There is a lot of fine-tuning to do with my food protocol, like pH balance... but I'll address those in future posts. Right now I'm busy battling the Dragon named Sugar.



  1. Hi Darius,

    If I may, re: hidden soy products, what are the foods on your shopping list that contain them? Similarly, besides the foods that you mention, where are you getting sugar in your diet?


  2. Mike, sugary foods that are not on my list but are hard to resist, are things like ice cream or donuts, or deciding I want something sweet and there's nothing in the house so I make rice pudding (or shortbread cookies, biscotti, etc.)

    Hidden soy examples from my pantry: The can of kidney beans contains "natural flavorings"; the Bragg's ginger and sesame salad dressing has all organic ingredients except xanthum gum which is often grown on soy... and the Bremner wafers (my favorite cracker for cheese) has "enzymes" which are usually made from soy.

    I'm trying not to have any packaged or prepared foods in my grocery cart!

  3. Wow...sounds just like me.
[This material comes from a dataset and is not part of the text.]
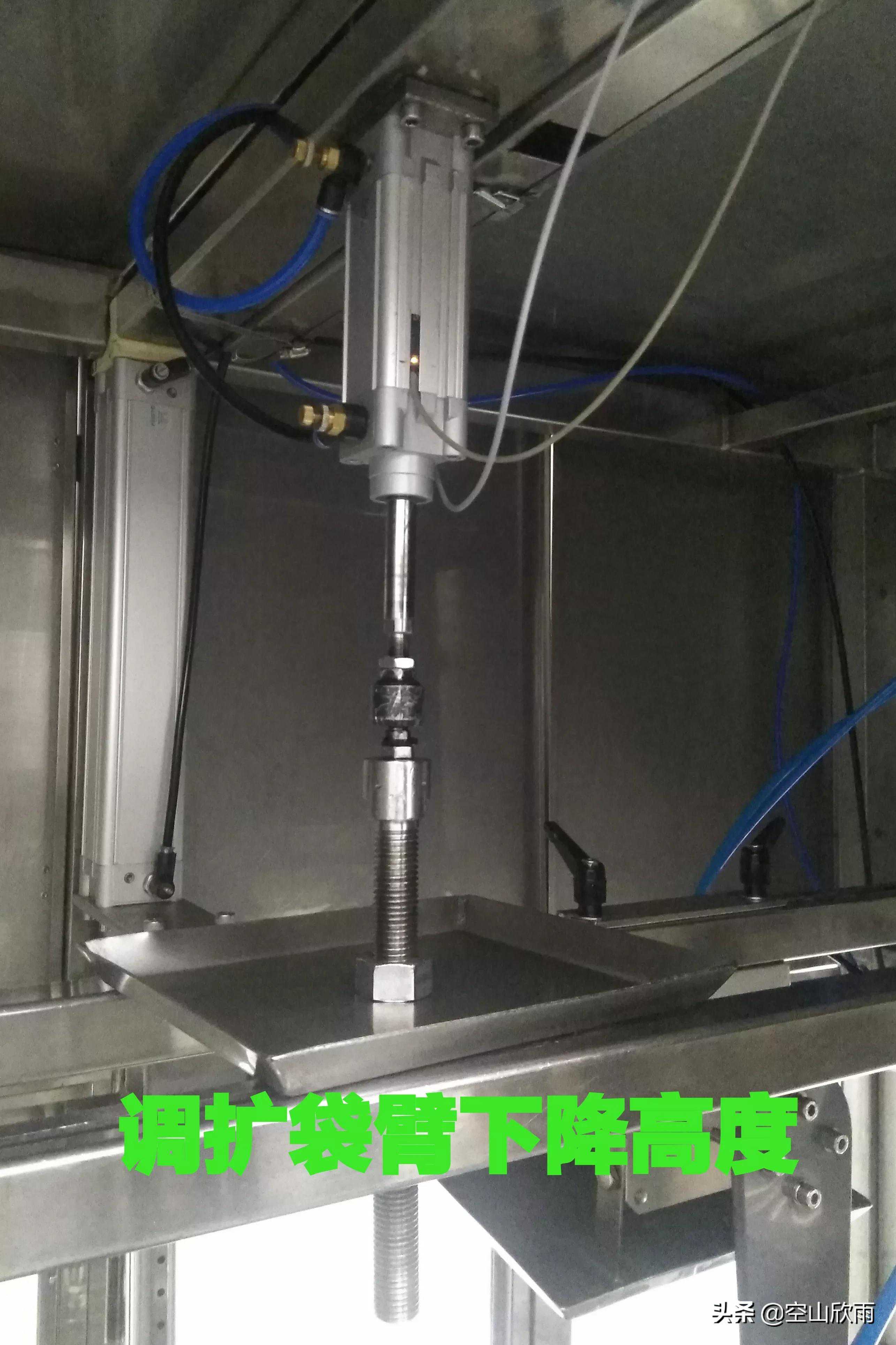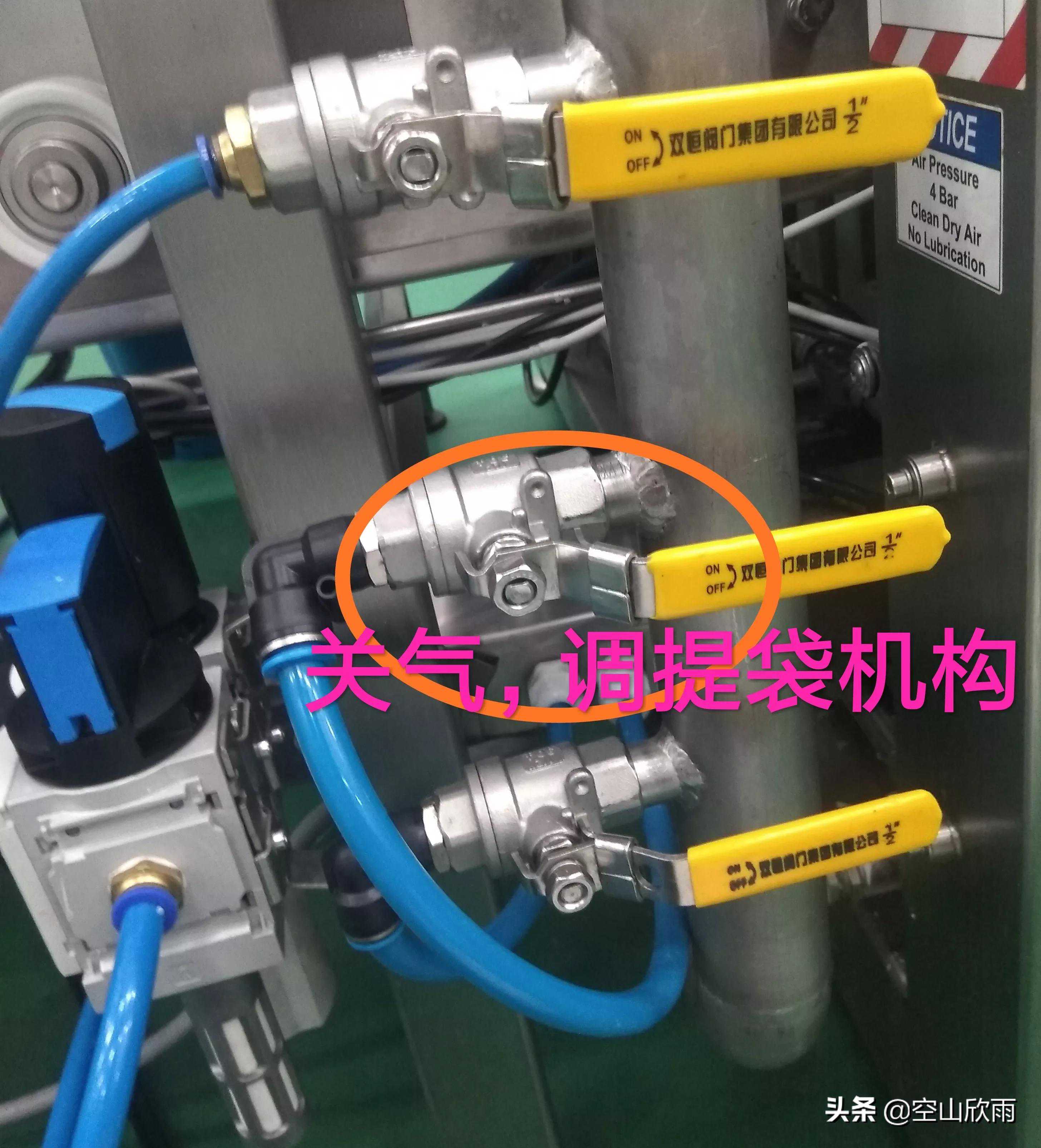 调整四个提袋小气缸位置之前,必须先将灌装机旁边的第二个压缩空气管路阀门关闭后再动手调试。

That sugar habit is EXTREMELY HARD...especially if it contains chocolate. I keep telling myself, "in moderation". But then moderation seems to turn into a whole batch of whatever it is-until it's all gone.

    I'm not even sure if I could convince myself to go "cold turkey"...the thought just makes me cringe. (Sounds like a bit of an emotional addiction as well as the physical, eh?)

    So, I certainly do identify with you! (And something inside me keeps saying there must be some other way!!!!!) :(

    Leah's Mom

  4. Sue, When I switched to eating just a 1/4 of a square of an 85% cocoa bar at bedtime, I didn't get the same cravings as when eating highly sweetened chocolate.

  5. I am struggling with sugar addiction as well as many food sensitivities. When I followed the SCD diet (specific carbohydrate diet) in 2002 for a couple of years it taught me a lot about our food supply and hidden ingredients at least. I still haven't found the ideal eating plan, but I just wanted to say that I enjoy all of your posts; they provide a wealth of knowledge and inspiration. Please keep us posted on your food struggles too ... as I find them highly relatable.